Even Denmark, which repealed its short-lived “fat tax” more than a decade ago, continues to revisit measures aimed specifically at excess sugar intake.
Korea’s health context
South Korea’s public health indicators remain among the strongest in the OECD, but experts warn that dietary shifts toward processed foods and sugar-heavy beverages are eroding that advantage — particularly among younger adults.
According to the Korean Diabetes Association’s Diabetes Fact Sheet 2024, an estimated 308,000 people aged 19 to 39 in South Korea are living with diabetes, accounting for 2.2 percent of the country’s total diabetic population. While the proportion may appear small, health authorities caution that early-onset diabetes significantly increases lifetime risks of cardiovascular disease, kidney failure and other complications.

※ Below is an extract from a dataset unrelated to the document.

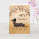 You can send this card to greet anyone a happy Thanksgiving. The dog and background are done in watercolor adding an artistic fall touch.The front shows a cute black and tan dachshund. This will be perfect to give to any dog lover out there. Get your copy now.

More striking is the scale of metabolic risk among young men. The same report found that 37 percent of men in their 30s are in a prediabetic state, meaning their blood sugar levels are already elevated enough to place them at high risk of progressing to full diabetes without intervention.
Public health experts say the figures reflect broader lifestyle and dietary changes, including higher consumption of sugary snacks, sweetened beverages and ready-to-drink products, combined with sedentary work patterns and long hours.
Marc Diederich, a professor at Seoul National University’s Department of Pharmacy, said the scientific case for preventive action is well established.
“Excess added sugar, particularly from sweetened beverages, contributes to obesity, insulin resistance and chronic inflammation,” he told AJP. “These conditions not only undermine metabolic health but also increase cancer risk indirectly through physiological stress and immune dysfunction.”
Children and young adults, he added, are especially vulnerable. “High sugar intake is linked to dental disease, unhealthy weight gain and early metabolic abnormalities,” Diederich said. “Fiscal tools can help shift consumption patterns, but they must be paired with education.”
He also pointed to Korea’s traditional diet as a preventive asset worth protecting. “Meals centered on grains, vegetables, fermented foods and soups have long supported good health,” he said. “Preserving that food culture should be part of any long-term prevention strategy.”